Sternberg B, Hong K, Zheng W, Papahadjopoulos D
California Pacific Medical Center, Research Institute, 2340 Clay Street, San Francisco, CA 94115, USA.
Biochim Biophys Acta. 1998 Oct 15;1375(1-2):23-35. doi: 10.1016/s0005-2736(98)00129-1.
We have investigated the morphology and transfection activity of cationic liposome-DNA complexes (CLDC) under conditions relevant to both in vivo and in vitro studies. Moreover we have attempted to establish structure-function relationships relevant for high transfection activities under both conditions. CLDC were composed of dimethyldioctadecylammonium bromide with either 1, 2-dioleoyl-sn-glycero-3-phosphoethanolamine (DOPE) or cholesterol (Chol) interacting either with pre-condensed DNA or with uncondensed plasmid DNA. Furthermore for steric stabilization 1% poly(ethylene glycol)-phospholipid conjugate was added to CLDC containing Chol and plasmid DNA. The in vivo studies were carried out in mice following i.v. injection, and the in vitro studies were performed on SK-BR-3 human breast cancer cells in the presence of media with serum. The morphology of the CLDC, monitored by freeze-fracture electron microscopy, was investigated after mixing with mouse serum or the medium where the cells were kept. The substitution of DOPE with Chol, and the addition of N-[omega-methoxypoly(oxyethylene)-alpha-oxycarbonyl-DSPE+ ++ are producing CLDC which are stabilized with respect to time and serum, and are relatively small (100-300 nm). These stabilized complexes show high expression of a marker gene in mouse lungs reaching expression values up to 10 ng luciferase per mg tissue protein, but relatively low expression in SK-BR-3 cells in vitro. Additionally, some of the complexes containing pre-condensed DNA look like 'map-pin' structures showing heads of the size of liposomes and short, stiff and tapering tails. The in vivo transfection activity of these preparations is highest. Similar complexes containing DOPE rather than Chol as helper lipid precipitate in the presence of serum and especially of cell medium and convert into hexagonal lipid (HII) phase. Such complexes, despite their high transfection activity in vitro, show very little transfection activity in vivo. These comparisons may help us to understand the fundamental difference between in vitro and in vivo activity of CLDC: high in vitro transfection activity seems to be associated with hexagonal lipid precipitates whereas high in vivo activity seems to be related with small, stabilized complexes, which in our case also exhibit some protrusions (map-pin structures).

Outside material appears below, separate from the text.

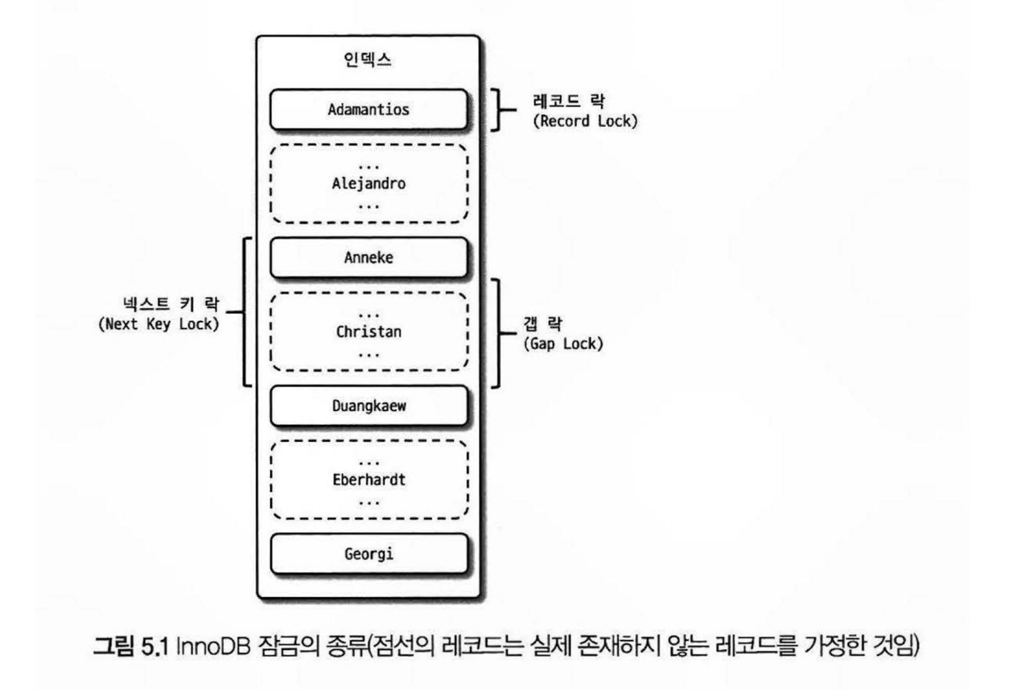 InnoDB의 잠금은 레코드가 아닌 인덱스를 잠그는 방식으로 처리, 즉 변경해야 할 레코드를 찾기 위해 검색한 인덱스의 레코드를 모두 락을 걸어야 한다.

我们研究了在与体内和体外研究相关的条件下阳离子脂质体 - DNA复合物(CLDC)的形态和转染活性。此外,我们试图建立在这两种条件下与高转染活性相关的结构 - 功能关系。CLDC由溴化二甲基二辛基铵与1,2 - 二油酰 - sn - 甘油 - 3 - 磷酸乙醇胺(DOPE)或胆固醇(Chol)组成,它们与预凝聚的DNA或未凝聚的质粒DNA相互作用。此外,为了实现空间稳定,将1%的聚乙二醇 - 磷脂共轭物添加到含有Chol和质粒DNA的CLDC中。体内研究在小鼠静脉注射后进行,体外研究在含有血清的培养基存在下对SK - BR - 3人乳腺癌细胞进行。通过冷冻断裂电子显微镜监测CLDC的形态,在与小鼠血清或细胞培养的培养基混合后进行研究。用Chol替代DOPE以及添加N - [ω - 甲氧基聚(氧乙烯) - α - 氧羰基 - DSPE + ++ 正在产生相对于时间和血清稳定的CLDC,并且相对较小(100 - 300 nm)。这些稳定的复合物在小鼠肺中显示出标记基因的高表达,达到每毫克组织蛋白高达10 ng荧光素酶的表达值,但在体外SK - BR - 3细胞中的表达相对较低。此外,一些含有预凝聚DNA的复合物看起来像“图钉”结构,显示出脂质体大小的头部和短而硬且逐渐变细的尾部。这些制剂的体内转染活性最高。含有DOPE而非Chol作为辅助脂质的类似复合物在血清尤其是细胞培养基存在下沉淀,并转化为六方脂质(HII)相。这种复合物尽管在体外具有高转染活性,但在体内显示出非常低的转染活性。这些比较可能有助于我们理解CLDC体外和体内活性之间的根本差异:高体外转染活性似乎与六方脂质沉淀有关,而高体内活性似乎与小的、稳定的复合物有关,在我们的案例中这些复合物还表现出一些突起(图钉结构)。